In 1985, building works at a house off Stafford Road triggered an archaeological rescue operation when workmen uncovered more Anglo-Saxon burials. Over a Bank Holiday weekend, the remains of three skeletons were uncovered, two male and one female, all dating from around the 6th Century AD. One of the males had died aged about 30 from a serious head wound inflicted by a sword and his skull also exhibited an earlier healed head wound from which he had survived. He was buried with his shield, spear and possibly an iron knife. There is no evidence of cause of death for the other male, aged about 35-40. He was fairly tall at 5’ 11” and robust, although his dental health was poor, demonstrated by evidence of tooth loss and abscesses.

The female skeletal remains were disturbed and damaged by the workmen. However it was determined that she was aged around 40-45 when she died, comparatively old for the early Anglo-Saxon period, and also had poor dental health. She was buried with objects which were likely of most value to her including two copper alloy brooches, two copper alloy rings and a pair of copper alloy tweezers.

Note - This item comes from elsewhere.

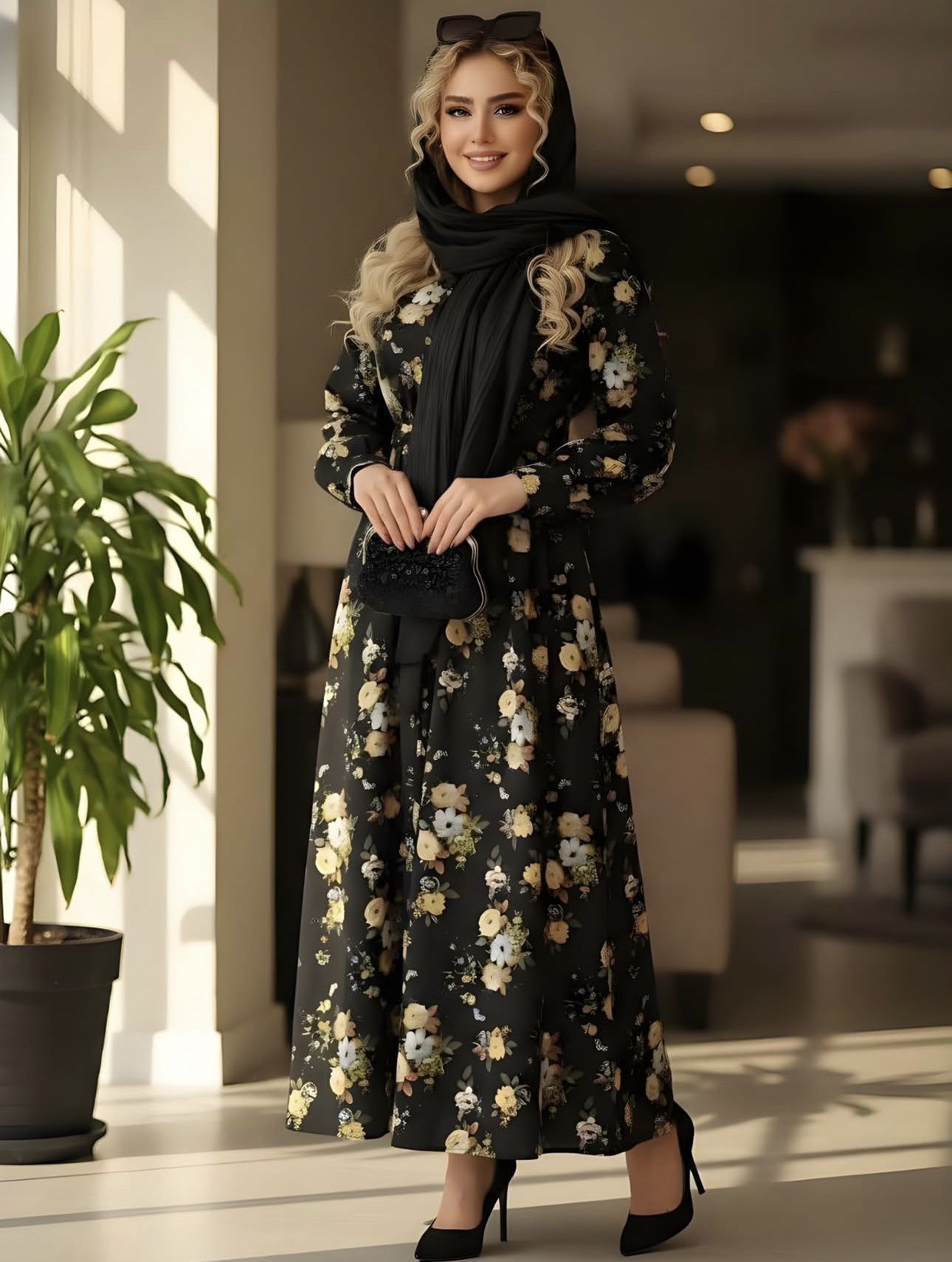 ناموجودعبای زنانه مجلسی فلور طرح ورساچ
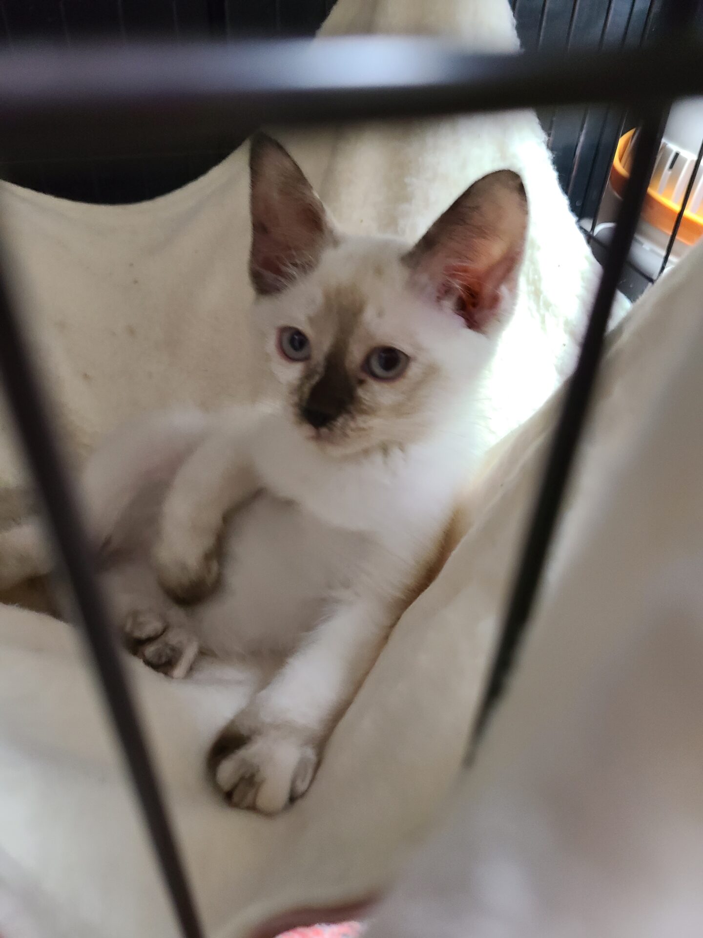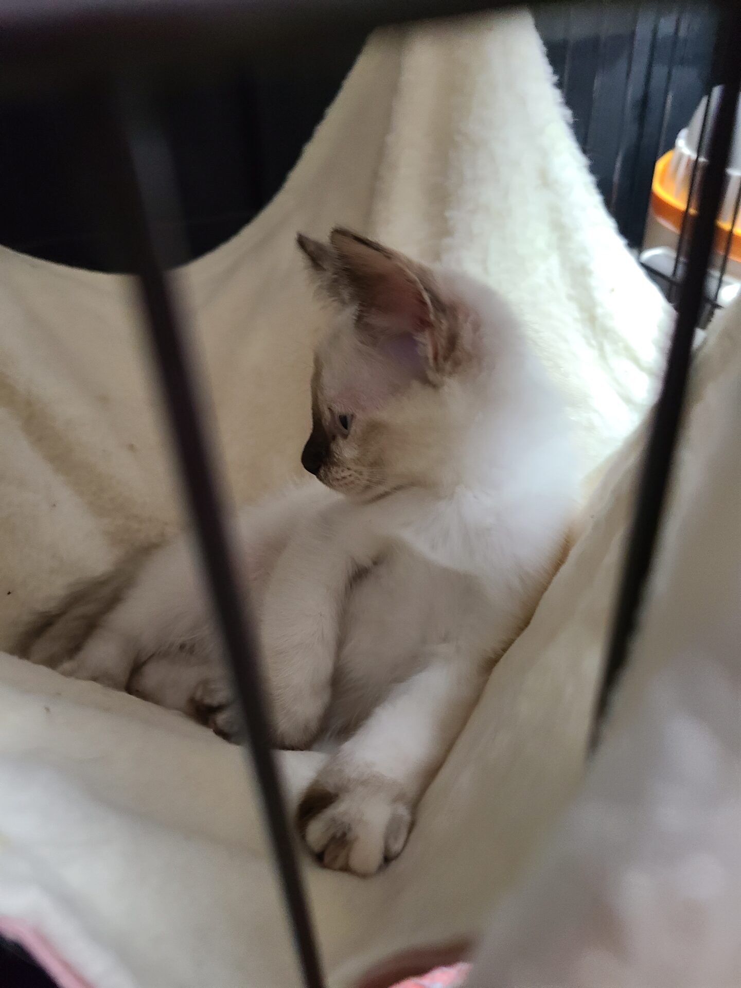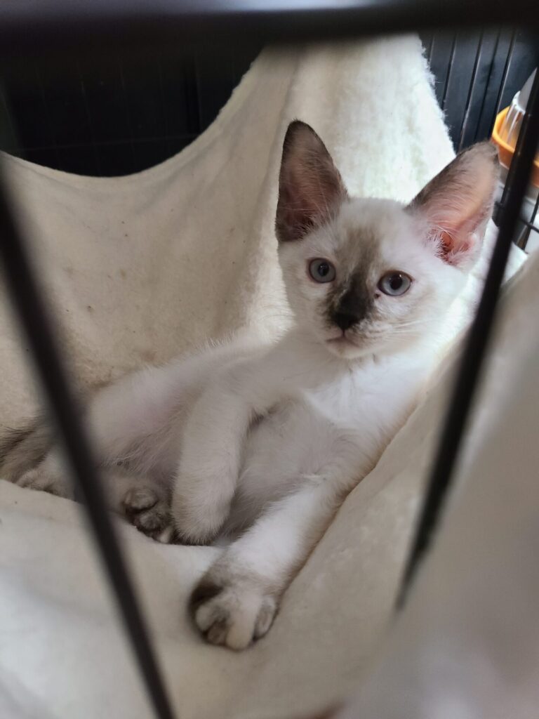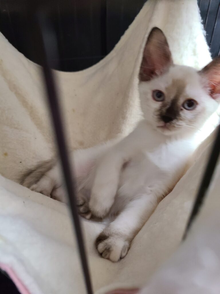 シャム系でお顔の真ん中あたりがこげ茶、手足にもシールポイントがあります。

Life for these early Saxon settlers appears to have been relatively short-lived and sometimes pretty brutal. Suffering a violent death was not uncommon and life expectancy beyond the age of 40 appears to of been rare. The deficient dental health of two of the skeletons indicates a fairly poor diet and lack of personal hygiene, all of which would have increased vulnerability to disease. This small insight into life in Brighton during the early Anglo-Saxon period suggests it may have been at times somewhat bleak.